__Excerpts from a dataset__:
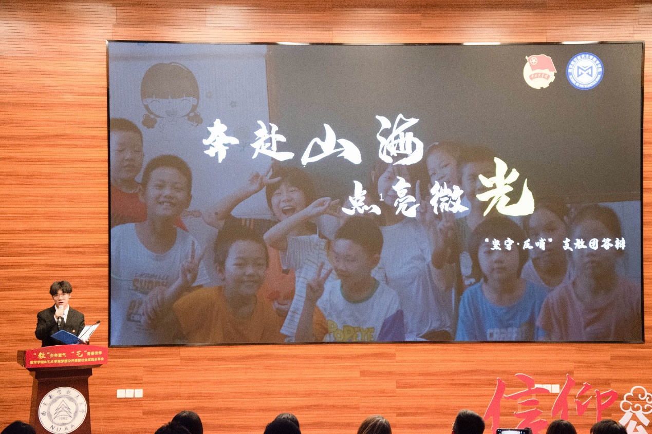 本次分享会以“‘数’少年意气,‘艺’青春芳华”为主题,分为“追寻足迹,绘述红色基因”、“携手逐梦,用心传递温暖”、“见证发展,感悟时代荣光”三个篇章,展现出澳门网上博彩平台 和艺术網上賭博平台 的学子们强国有我、青春有为的使命担当。
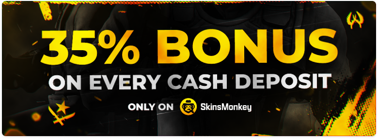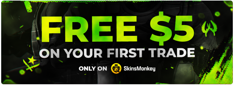 Truy cập SkinsMonkey qua link của chúng tôi để nhận ngay $5 cho giao dịch đầu tiên + 35% bonus mỗi lần nạp tiền. Skin giá rẻ, an toàn, giao dịch tức thì.
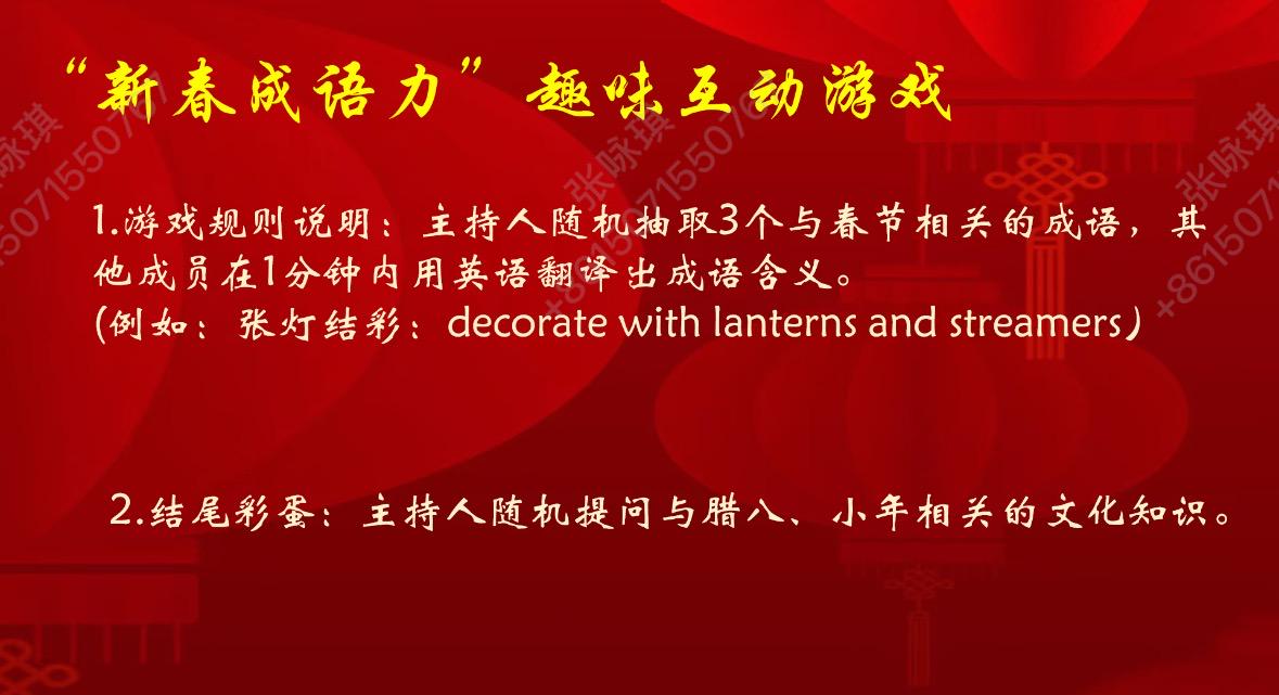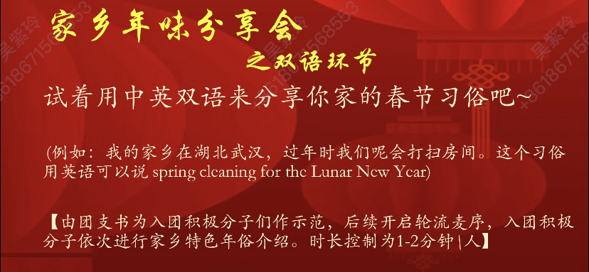 其中,“家乡年味”双语分享环节亮点纷呈,同学们结合专业所长,以中英双语介绍家乡春节习俗,从贵州打糍粑到湖北杀年猪,从潮汕功夫茶到武汉武昌鱼,在展现地域年俗魅力的同时,锻炼了双语应用能力,促进了地域文化交流互鉴;春节成语中英互译、年俗知识问答等趣味互动,则点燃活动氛围,既检验了同学们的文化积累与专业素养,也让大家在轻松氛围中深化了对年俗文化的理解。活动最后,学院倡议同学们可以利用寒假走访调研身边年俗,以实践传承中华优秀传统文化。
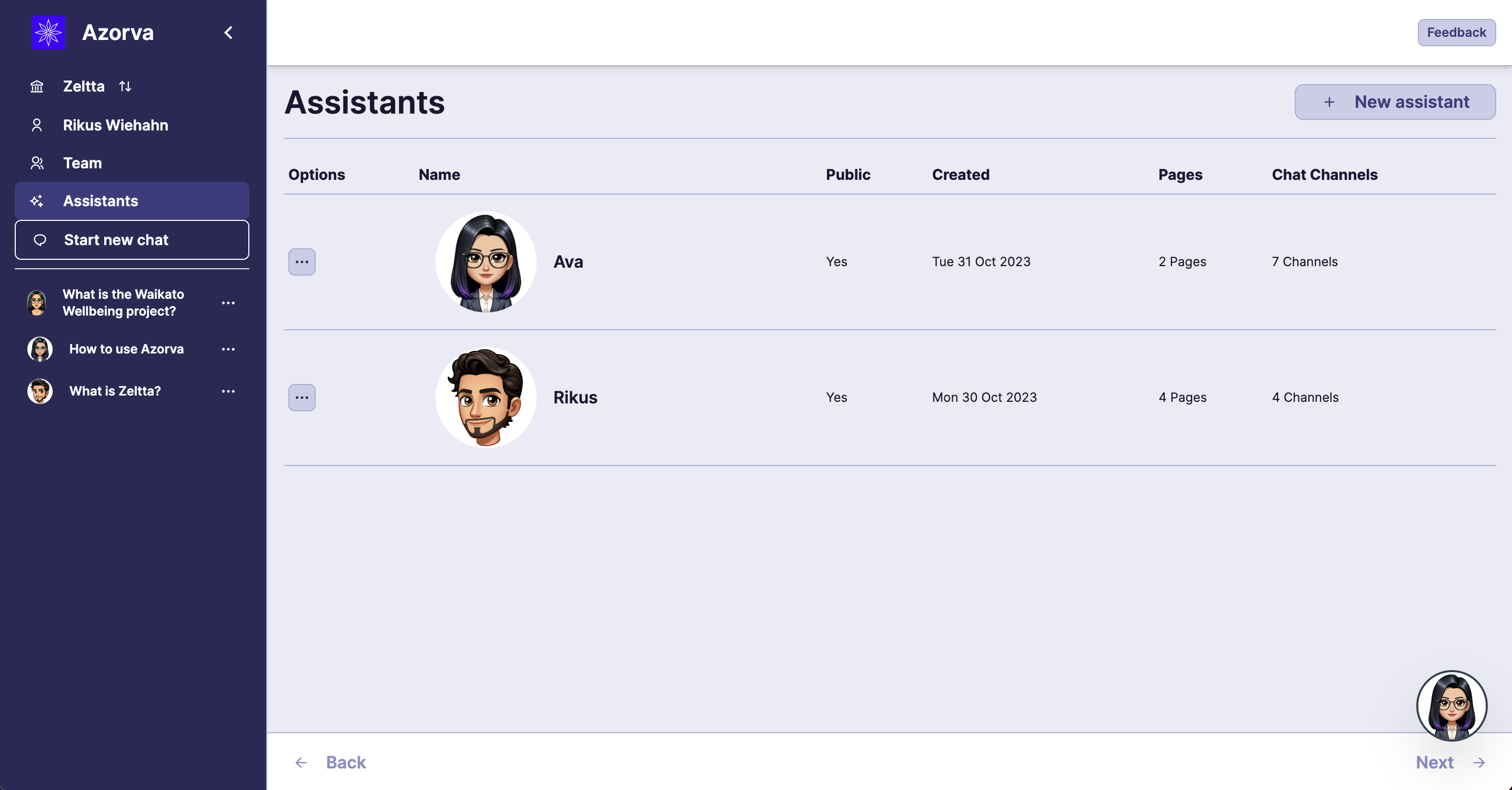 Azorva is platform for developing your own custom GPT-4 powered assistants to help your website visitors with everyday questions about your organization, products, or services.
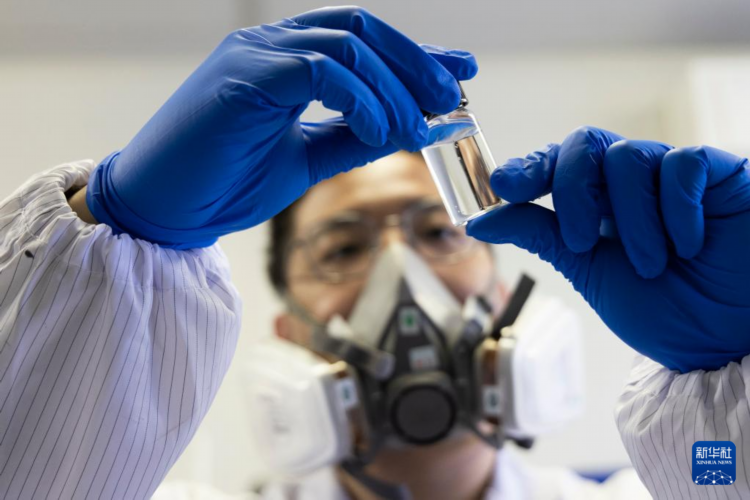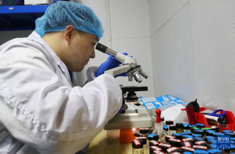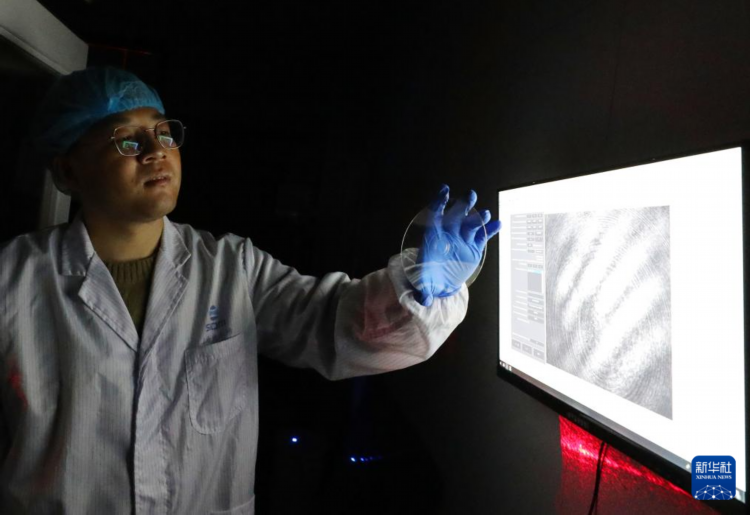 赵苗博士在上海光机所材料实验室内观察实验材料(2月29日摄)。

__EXERCISE DIRECTIONS__:
Beginning at the line that contains "Azorva is platform", retype each line of the data above through the very last one. Do not retype the pictures.

__WORKED SOLUTION__:
 Azorva is platform for developing your own custom GPT-4 powered assistants to help your website visitors with everyday questions about your organization, products, or services.
 赵苗博士在上海光机所材料实验室内观察实验材料(2月29日摄)。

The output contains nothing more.